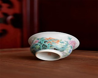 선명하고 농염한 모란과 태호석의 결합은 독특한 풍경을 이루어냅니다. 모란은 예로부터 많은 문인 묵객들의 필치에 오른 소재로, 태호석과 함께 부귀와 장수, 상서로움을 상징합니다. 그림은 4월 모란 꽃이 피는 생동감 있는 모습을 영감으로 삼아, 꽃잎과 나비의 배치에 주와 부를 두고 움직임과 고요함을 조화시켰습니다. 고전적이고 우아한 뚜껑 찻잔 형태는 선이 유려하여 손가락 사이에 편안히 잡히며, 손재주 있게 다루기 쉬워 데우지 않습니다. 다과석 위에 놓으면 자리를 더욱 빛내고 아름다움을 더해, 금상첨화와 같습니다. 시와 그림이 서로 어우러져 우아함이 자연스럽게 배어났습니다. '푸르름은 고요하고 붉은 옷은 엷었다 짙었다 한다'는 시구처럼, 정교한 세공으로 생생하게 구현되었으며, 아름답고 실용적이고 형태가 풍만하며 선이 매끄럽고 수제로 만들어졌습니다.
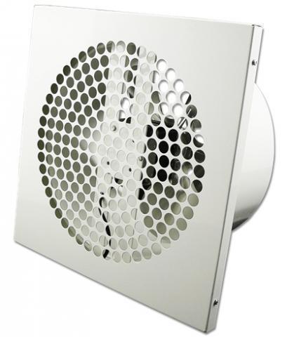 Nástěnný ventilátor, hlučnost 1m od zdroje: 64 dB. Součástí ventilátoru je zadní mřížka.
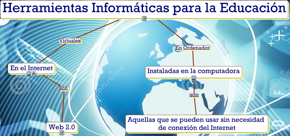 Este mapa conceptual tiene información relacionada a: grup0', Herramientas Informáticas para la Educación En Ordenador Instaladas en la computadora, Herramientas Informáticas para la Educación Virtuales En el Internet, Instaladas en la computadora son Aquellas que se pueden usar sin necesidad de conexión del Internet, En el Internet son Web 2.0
---
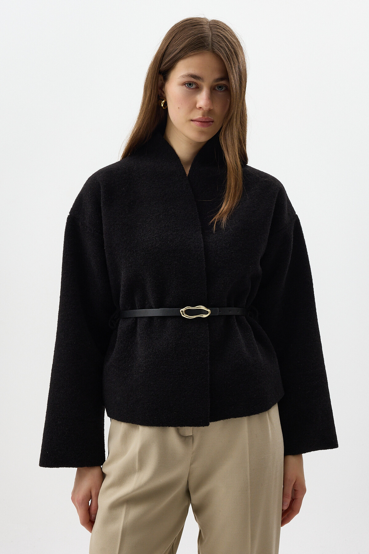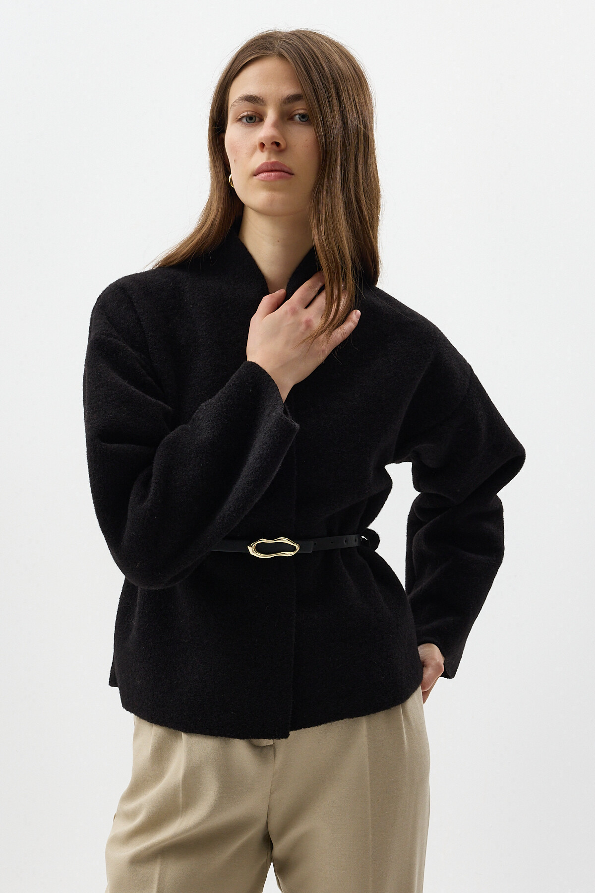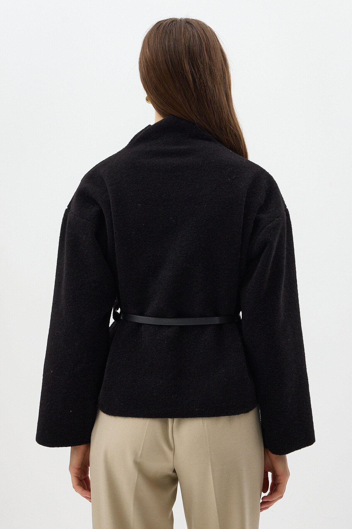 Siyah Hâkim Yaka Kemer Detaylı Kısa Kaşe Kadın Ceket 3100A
--
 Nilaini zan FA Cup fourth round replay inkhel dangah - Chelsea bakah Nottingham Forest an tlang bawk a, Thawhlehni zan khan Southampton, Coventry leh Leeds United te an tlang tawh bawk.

▶ _Required action_
Among the entries above, copy exactly the stretch from the line holding "선명하고 농염한 모란과" through the line holding "Nástěnný ventilátor, hlučnost", leaving out any pictures.

▶ _Reply_
 선명하고 농염한 모란과 태호석의 결합은 독특한 풍경을 이루어냅니다. 모란은 예로부터 많은 문인 묵객들의 필치에 오른 소재로, 태호석과 함께 부귀와 장수, 상서로움을 상징합니다. 그림은 4월 모란 꽃이 피는 생동감 있는 모습을 영감으로 삼아, 꽃잎과 나비의 배치에 주와 부를 두고 움직임과 고요함을 조화시켰습니다. 고전적이고 우아한 뚜껑 찻잔 형태는 선이 유려하여 손가락 사이에 편안히 잡히며, 손재주 있게 다루기 쉬워 데우지 않습니다. 다과석 위에 놓으면 자리를 더욱 빛내고 아름다움을 더해, 금상첨화와 같습니다. 시와 그림이 서로 어우러져 우아함이 자연스럽게 배어났습니다. '푸르름은 고요하고 붉은 옷은 엷었다 짙었다 한다'는 시구처럼, 정교한 세공으로 생생하게 구현되었으며, 아름답고 실용적이고 형태가 풍만하며 선이 매끄럽고 수제로 만들어졌습니다.
 Nástěnný ventilátor, hlučnost 1m od zdroje: 64 dB. Součástí ventilátoru je zadní mřížka.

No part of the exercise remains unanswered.